What is RAG and why your AI app almost certainly needs it

The support assistant was working. Customers could ask questions and get answers. Then a manager tested it.

“What is TechGadgets’ return window for defective electronics?” The assistant said: “Typically, most retailers offer 30-day return windows for electronics.” Accurate. Generic. Wrong — because TechGadgets actually offers 60 days for defective items specifically.

The LLM answered from its training data — a generalisation across thousands of retailers. It had no idea what TechGadgets’ policy actually said.

This is the problem RAG solves.

Table of contents

Open Table of contents

Why LLMs answer from training data

An LLM is a frozen snapshot of knowledge. It was trained on text collected up to a specific date. After training, its weights do not change. It knows nothing about:

When you ask it a question, it synthesises an answer from patterns it learned during training. It confidently produces plausible-sounding text — whether or not that text reflects your reality.

You can partially solve this by stuffing information into the system prompt. But the context window is finite. You cannot paste your entire knowledge base into every request.

Important: An LLM without access to your data will confidently fabricate answers that sound plausible but are wrong for your use case. For customer-facing applications, this is a serious reliability problem. RAG grounds the model's answers in documents you control.

What RAG does

RAG stands for Retrieval-Augmented Generation. The name describes the technique exactly:

The LLM still generates the answer — but instead of relying on training data alone, it reads the injected documents and grounds its response in them. If the injected documents say “60 days for defective electronics”, the LLM says “60 days for defective electronics”.

The RAG request flow

User question


[1] Embed the question
      │  (EmbeddingModel)

[2] Search vector store for relevant chunks
      │  (VectorStore.similaritySearch)

[3] Inject chunks into LLM prompt as context
      │  ("Answer using this context: [chunks]")

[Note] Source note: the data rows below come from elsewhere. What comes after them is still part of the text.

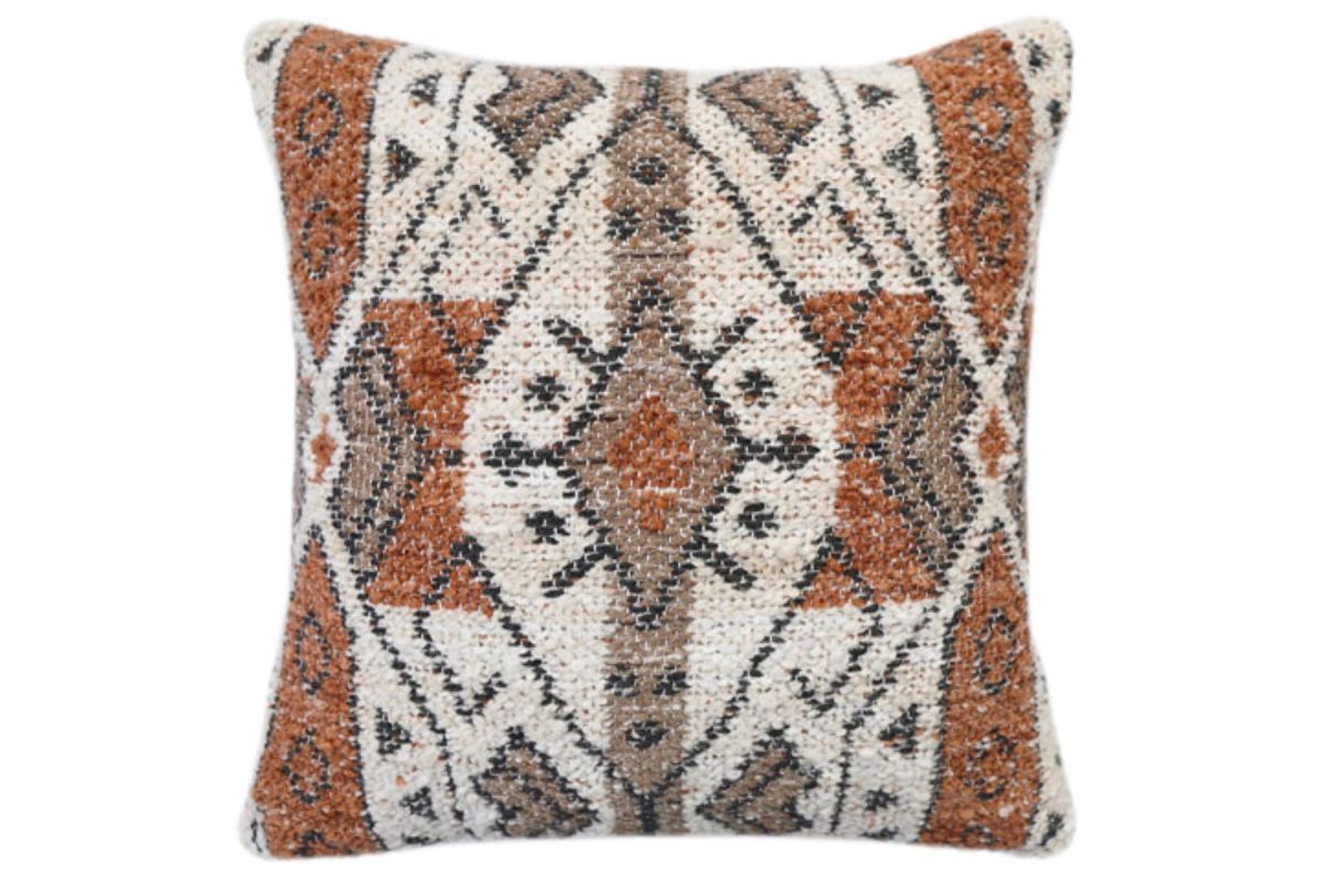 This set features a machine-woven Aztec-inspired design in rich sienna, beige, black, and brown tones, offering a dynamic and modern look. Each pillow has a solid white reverse for versatile styling, a durable polyester cover, and a convenient zipper closure. The fiber filling ensures plush comfort, making these pillows both stylish and practical for everyday use. Ideal for adding a pop of pattern and color to sofas, beds, or accent chairs.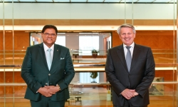 Tijdens zijn bezoek aan Nederland van 6-11 september 2021 ontmoette president Chandrikapersad Santokhi ook de Senior Leadership van Shell op het hoofdkantoor in Den Haag, onder leiding van de heer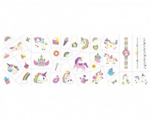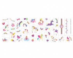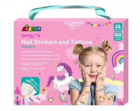 Nalepke za nohte in tattoo - Samorogi – Odkrijte čarobni svet samorogov in mavric z živobarvnim kompletom nalepk za nohte in modnih tatujev! S čudovitimi pravljičnimi motivi, ki bodo očarali vsako malo ljubiteljico fantazije, je ta komplet popolna izbira za izražanje domišljije in osebnega stila.Lastnosti izdelka:

[4] LLM generates answer grounded in the context
      │  (ChatClient)

Answer to user

Steps 1–3 happen before the LLM sees anything. The LLM receives a prompt that already contains the relevant information. Its job is to read that information and formulate a coherent answer.

Why not just put everything in the system prompt?

A common question: why not pre-load all 500 knowledge base articles into the system prompt at startup?

ApproachProsCons
Everything in system promptSimple, no retrieval stepContext window limits (~200K tokens max), costs scale with window size, slow, often dilutes focus
RAGOnly relevant content injected, no window limit, cost-efficientRetrieval must work well, adds latency, retrieval quality determines answer quality

A 500-article knowledge base might be 500,000 tokens. Even models with 200K context windows would send the entire knowledge base on every request — at significant cost and latency. RAG solves this by sending only the 3–5 most relevant chunks: typically 1,000–2,000 tokens of highly targeted context.

Tip: For small, stable knowledge bases (under ~50 short documents), loading everything into the context once is actually reasonable. RAG adds complexity — only add it when the knowledge base is too large, too dynamic, or too expensive to include in full on every request.

What “grounding” means and why it matters

When you inject retrieved documents and instruct the LLM to “answer only using the provided context”, the LLM’s answer is grounded — it comes from your documents, not from training patterns.

This produces several improvements:

Accuracy — the answer reflects your actual policies and data, not statistical averages from the internet.

Citability — because you know which documents were retrieved, you can show users the source. “Based on our return policy (source: return-policy.txt)…” is more trustworthy than an unsourced answer.

Updatability — when policies change, you update the document and re-index it. No retraining required. The LLM’s weights never need to change.

Auditability — if an answer is wrong, you can trace it back to the retrieved document. Debugging a wrong answer is “the retrieved document was wrong” rather than “the model hallucinated somehow”.

Caution: Grounding reduces hallucination but does not eliminate it. If the retrieved documents do not contain the answer to the question, the LLM may still fill in the gap with plausible-sounding text. Always include an instruction like "If the answer is not in the provided context, say you don't know" and test what the model does when context is insufficient.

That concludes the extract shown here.